Weigh the Overhead Before Committing

A model gateway is a meaningful infrastructure commitment. It introduces an additional component that must be deployed with high availability, kept current, secured against prompt injection at the gateway layer, and monitored separately from your agents. If your organisation operates entirely within Bedrock, most of what a gateway provides is already available natively: AgentCore Gateway handles agent-to-tool integration, Application Inference Profiles handle model access governance and cost attribution, and Bedrock Guardrails handle content controls.

The justification for a dedicated model gateway is strongest when three conditions apply together: your organisation needs models that are not available on Bedrock, you want a consistent API surface so agents are not directly coupled to any one provider’s SDK, and you have enough model diversity that governing access centrally at the gateway is cheaper than managing it per agent.

If only one or two of those conditions apply, the operational overhead may not justify the investment. This decision warrants a clear-eyed analysis of your actual model landscape and access patterns before committing to the infrastructure.

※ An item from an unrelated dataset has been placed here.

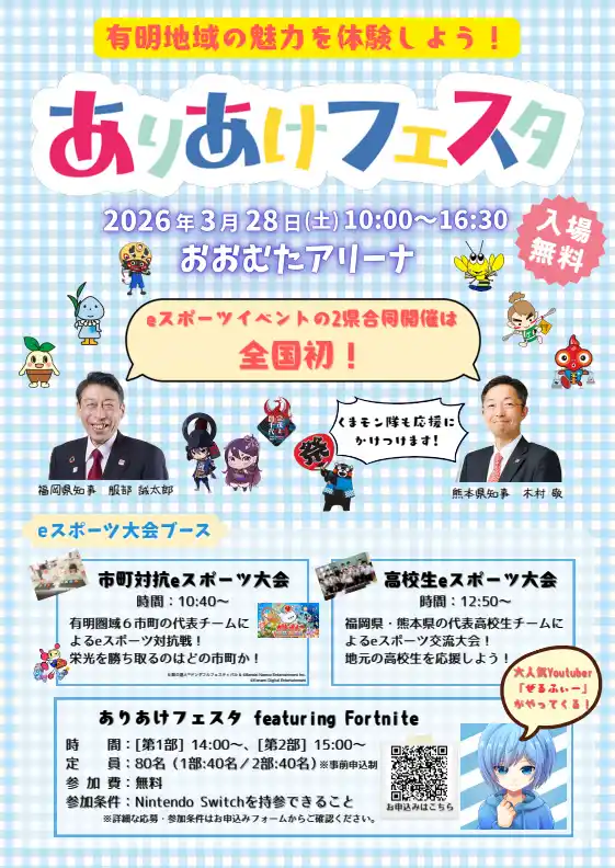 | 福岡県と熊本県の合同開催となるeスポーツイベント「ありあけフェスタ」を開催します。 | |||||||||

What the Architecture Diagrams Don’t Show

Architecture diagrams show you the components and how they connect. They don’t show you which decisions are cheap to revisit and which are not, where two components that look similar are actually solving different problems at different layers, or what it means to build on a platform that is actively changing around you. Those things only emerge from the work.

Policy and Guardrails serve different layers, and you need both. Guardrails operate at the model inference layer and protect against unsafe content and PII exposure. AgentCore Policy operates at the tool access layer and enforces behavioural boundaries: what the agent is allowed to do, not just what it’s allowed to say. Neither replaces the other. An agent can produce compliant model outputs and still attempt to call a tool it shouldn’t. A sound control model applies guardrails to what the model says and policy to what the agent does.

Feature

AgentCore Policy

Bedrock Guardrails

Where it operates

Tool access layer, via AgentCore Gateway

Model inference layer

What it governs

What the agent is allowed to do: tool and API access

What the model is allowed to say: content, topics, and sensitive data

Enforcement mechanism

Cedar policies evaluated before each tool call is granted

Content, topic, and data filters evaluated on inputs and outputs

When blocking occurs

Before the tool call is executed

Inputs: before the model is invoked (inference discarded). Outputs: after inference, before the response is returned

Bypassed by prompt injection

No. Operates outside the model and agent code entirely

No. Operates at the inference API level, independent of the prompt

Testing mode

Log-only mode evaluates policies without blocking, for safe pre-production testing

No equivalent mode; active on all configured model invocations

Decisions logged to

CloudWatch metrics and logs

CloudWatch

The platform is moving fast. Components that were in private preview at design time have since gone GA; AgentCore Policy and account-level guardrails are recent examples. Building on L1 CDK constructs rather than L2 alpha constructs gives you a more stable deployment foundation, even if it’s more verbose. Plan for components to mature mid-engagement.

The Gateway authentication decision matters at architecture time. IAM-based authentication for tightly-coupled agent/tool pairs. Cognito-based authentication for independently-operated services accessed across teams. Getting this wrong and retrofitting it later is painful: it touches the agent code, the Gateway configuration, and the downstream service authentication setup simultaneously.

Memory governance is cheaper to design early than retrofit later. Once agents are live and users are relying on persistent context, changing retention policies and scope boundaries requires coordinated changes across the platform and agent code. Design these decisions from the start.